[Python-Dev] Retrieve an arbitrary element from a set withoutremoving it
Guido van Rossum
guido at python.org
Tue Nov 3 19:56:44 CET 2009
On Tue, Nov 3, 2009 at 12:20 AM, Yuvgoog Greenle <ubershmekel at gmail.com> wrote:
> On Tue, Nov 3, 2009 at 12:19 AM, Greg Ewing <greg.ewing at canterbury.ac.nz>
> wrote:
>>
>> Cameron Simpson wrote:
>>
>>> Personally, I'm for the iteration spec in a lot of ways.
>>>
>>> Firstly, a .get()/.pick() that always returns the same element feels
>>> horrible. Is there anyone here who _likes_ it?
>>
>
> State might cause people to use this to iterate which would be just plain
> wrong. The 2 things I have a bad feeling about is:
> 1. random.choice could be a pythonic alternative to what some have mentioned
> here but it doesn't work on sets. The following code raises TypeError: 'set'
> object does not support indexing:
> import random
> random.choice(set([1,2,3,4,5,6]))
There is a huge difference between picking a random element of a set
and picking an arbitrary one. Algorithms that need randomness *must*
use the random generator (and because the hash table implementation
doesn't provide O(1) access they will have to use a list first).

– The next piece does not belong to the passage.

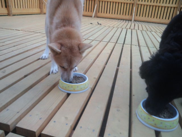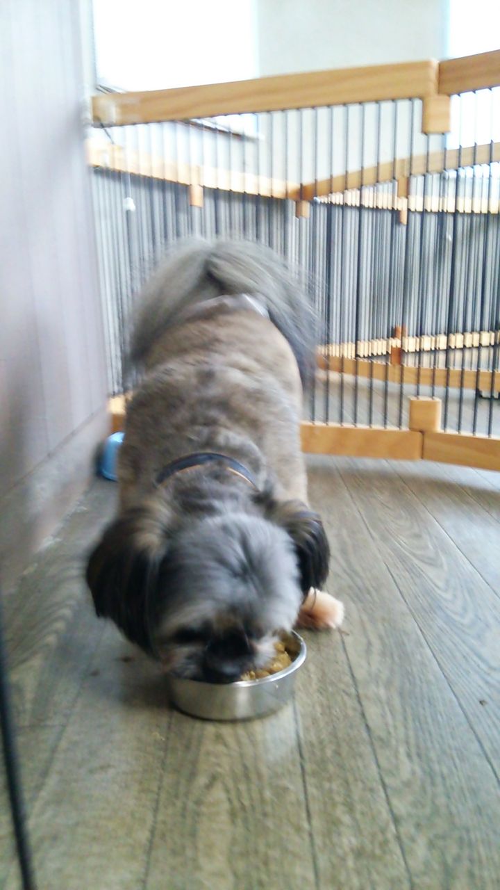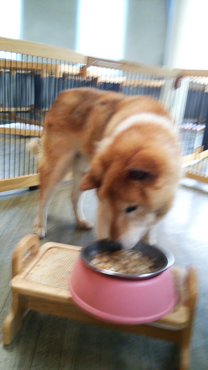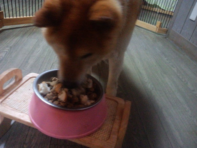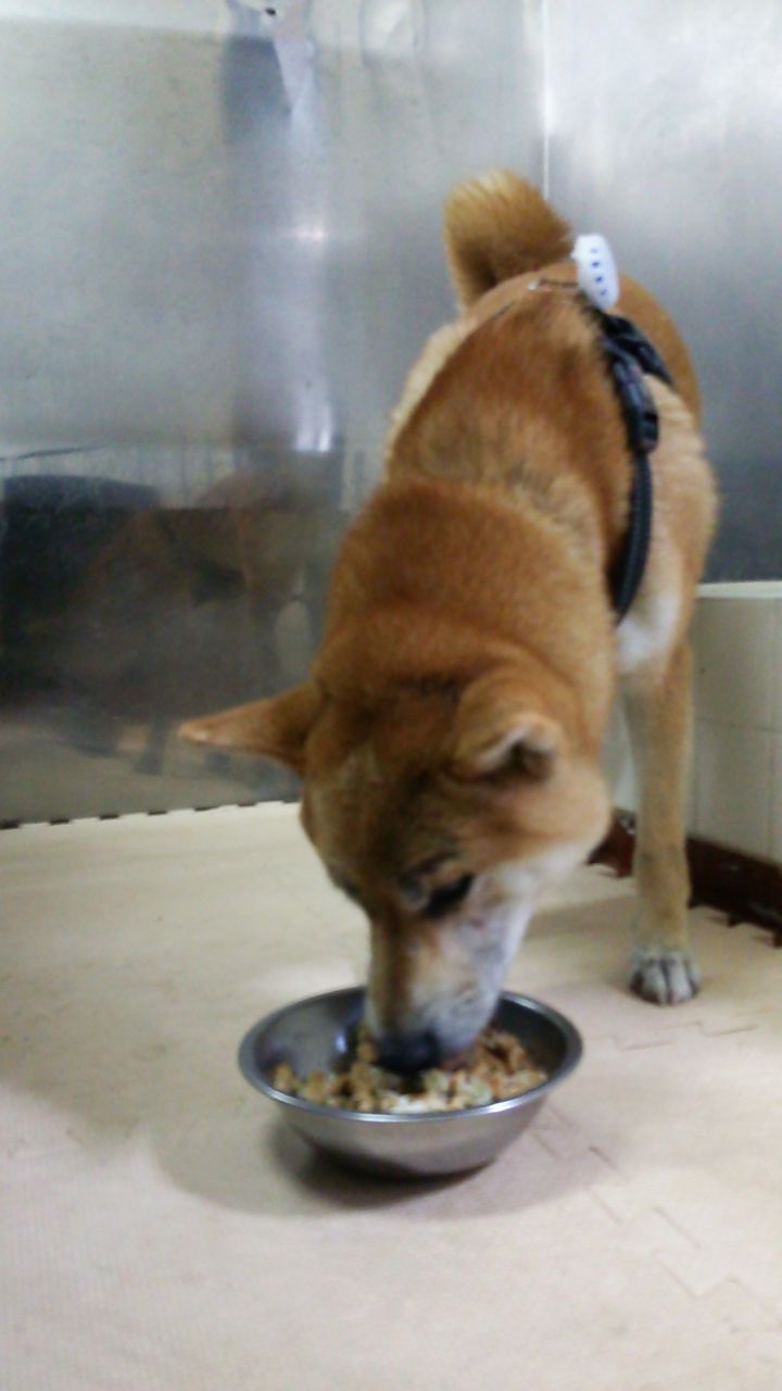 生涯お預かり柴犬タローくんゆっくり食べています。

Algorithms that don't need randomness should not be forced to pay for
the (considerable!) cost of calling the random number generator, and
must accept that the element selected may be predictable.

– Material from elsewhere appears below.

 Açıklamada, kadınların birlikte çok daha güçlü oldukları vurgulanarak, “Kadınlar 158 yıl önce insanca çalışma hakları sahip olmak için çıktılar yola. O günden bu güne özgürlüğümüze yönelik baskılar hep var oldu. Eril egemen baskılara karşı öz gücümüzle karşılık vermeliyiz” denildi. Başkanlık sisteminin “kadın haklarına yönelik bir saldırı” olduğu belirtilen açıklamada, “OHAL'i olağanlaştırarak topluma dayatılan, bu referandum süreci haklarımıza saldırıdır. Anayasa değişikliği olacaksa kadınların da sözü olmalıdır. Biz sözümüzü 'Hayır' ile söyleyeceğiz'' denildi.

> this is kinda ironic: http://en.wikipedia.org/wiki/Axiom_of_choice
Also irrelevant. That Axiom is only interesting for infinite sets,
which Python does not support (at least not using the set builtin --
you can of course write your own symbolic algebra package in Python
that can be used to represent certain infinite sets, though you still
won't be able to iterate over all of their elements :-).
> 2. If I store objects in a set and modify their attributes I have no O(1)

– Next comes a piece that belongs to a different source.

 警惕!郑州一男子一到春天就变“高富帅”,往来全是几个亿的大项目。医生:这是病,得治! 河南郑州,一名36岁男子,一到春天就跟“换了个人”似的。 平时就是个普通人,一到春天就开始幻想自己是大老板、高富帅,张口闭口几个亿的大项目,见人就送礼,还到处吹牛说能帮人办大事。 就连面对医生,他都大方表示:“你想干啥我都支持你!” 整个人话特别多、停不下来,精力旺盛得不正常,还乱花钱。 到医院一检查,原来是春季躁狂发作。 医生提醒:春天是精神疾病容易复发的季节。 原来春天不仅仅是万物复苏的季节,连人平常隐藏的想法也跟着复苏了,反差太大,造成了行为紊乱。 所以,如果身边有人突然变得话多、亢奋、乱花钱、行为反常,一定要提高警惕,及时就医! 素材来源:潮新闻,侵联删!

> way of getting the objects back if I stumble upon an equivalent object. In
> cases like that I'd have to either iterate over the set or use a dict with
> key == value. I have a feeling the "get" or "peek" api could cater to this
> need. A use case for this could be an implementation of a cookie jar with a
> set of cookies where equivalence is defined by the name and domain.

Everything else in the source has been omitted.